## Exercise directions
Only the lines below between the one holding "- Компактные габариты" and the one holding "It’s a raglan", inclusive, are to be reproduced word for word; the pictures are to be left out.

## Data for review
****************************************
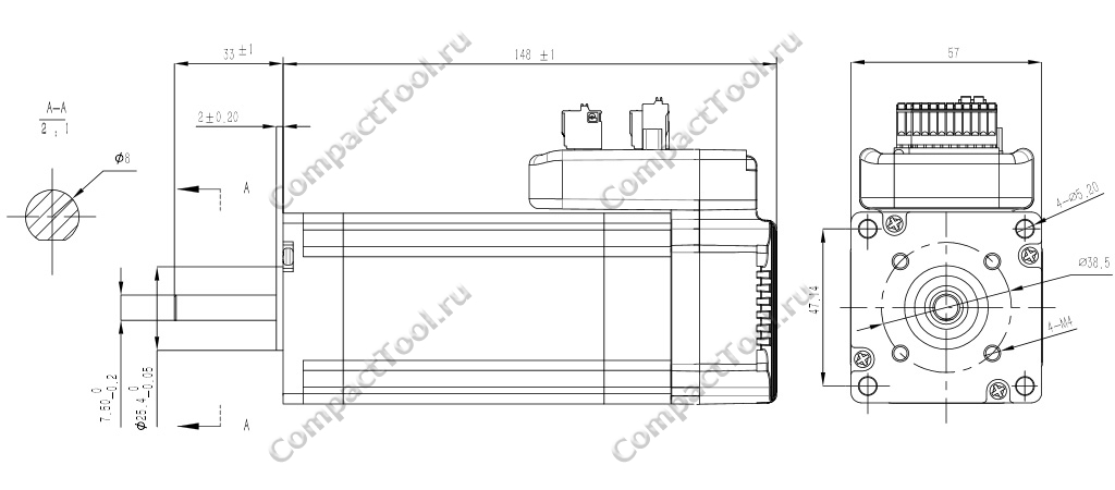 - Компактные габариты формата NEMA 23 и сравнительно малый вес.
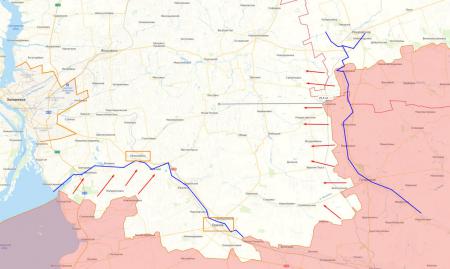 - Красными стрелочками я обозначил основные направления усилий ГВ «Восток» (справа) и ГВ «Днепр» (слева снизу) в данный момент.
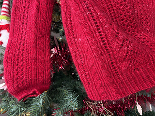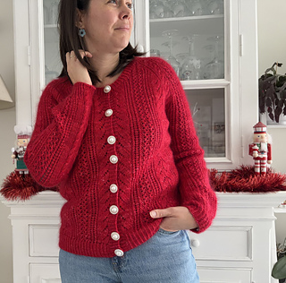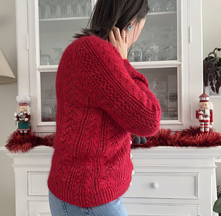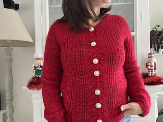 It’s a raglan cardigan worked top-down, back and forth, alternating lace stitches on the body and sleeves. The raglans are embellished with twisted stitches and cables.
****************************************
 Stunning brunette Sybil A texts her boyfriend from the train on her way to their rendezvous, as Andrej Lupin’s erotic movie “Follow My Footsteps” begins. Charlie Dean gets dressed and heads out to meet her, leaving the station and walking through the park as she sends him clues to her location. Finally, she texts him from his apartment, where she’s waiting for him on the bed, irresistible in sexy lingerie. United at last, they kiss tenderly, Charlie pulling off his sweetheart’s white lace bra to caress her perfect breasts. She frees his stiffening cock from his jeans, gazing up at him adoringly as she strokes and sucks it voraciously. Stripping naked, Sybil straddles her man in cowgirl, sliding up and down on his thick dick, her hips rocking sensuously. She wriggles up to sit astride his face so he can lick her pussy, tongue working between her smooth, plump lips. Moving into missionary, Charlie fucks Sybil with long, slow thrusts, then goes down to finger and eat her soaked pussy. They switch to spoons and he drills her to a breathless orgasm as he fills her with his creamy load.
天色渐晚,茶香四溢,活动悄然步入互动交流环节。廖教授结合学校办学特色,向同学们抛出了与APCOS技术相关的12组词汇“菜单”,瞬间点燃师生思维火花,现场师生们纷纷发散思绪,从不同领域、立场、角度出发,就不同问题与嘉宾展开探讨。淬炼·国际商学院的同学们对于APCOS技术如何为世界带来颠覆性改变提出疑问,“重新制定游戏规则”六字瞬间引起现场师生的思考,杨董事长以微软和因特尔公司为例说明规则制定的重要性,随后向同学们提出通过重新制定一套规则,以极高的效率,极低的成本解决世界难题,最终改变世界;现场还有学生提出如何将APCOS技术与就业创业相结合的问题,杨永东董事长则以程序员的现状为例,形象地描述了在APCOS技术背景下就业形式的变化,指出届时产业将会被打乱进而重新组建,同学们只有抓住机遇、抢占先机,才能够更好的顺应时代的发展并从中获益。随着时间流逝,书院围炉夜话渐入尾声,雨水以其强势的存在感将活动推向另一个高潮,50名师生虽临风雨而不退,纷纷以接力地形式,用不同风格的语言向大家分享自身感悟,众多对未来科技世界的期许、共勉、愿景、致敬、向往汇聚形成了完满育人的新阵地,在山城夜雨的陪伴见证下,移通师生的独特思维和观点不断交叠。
****************************************
## Solved exercise
 - Компактные габариты формата NEMA 23 и сравнительно малый вес.
 - Красными стрелочками я обозначил основные направления усилий ГВ «Восток» (справа) и ГВ «Днепр» (слева снизу) в данный момент.
 It’s a raglan cardigan worked top-down, back and forth, alternating lace stitches on the body and sleeves. The raglans are embellished with twisted stitches and cables.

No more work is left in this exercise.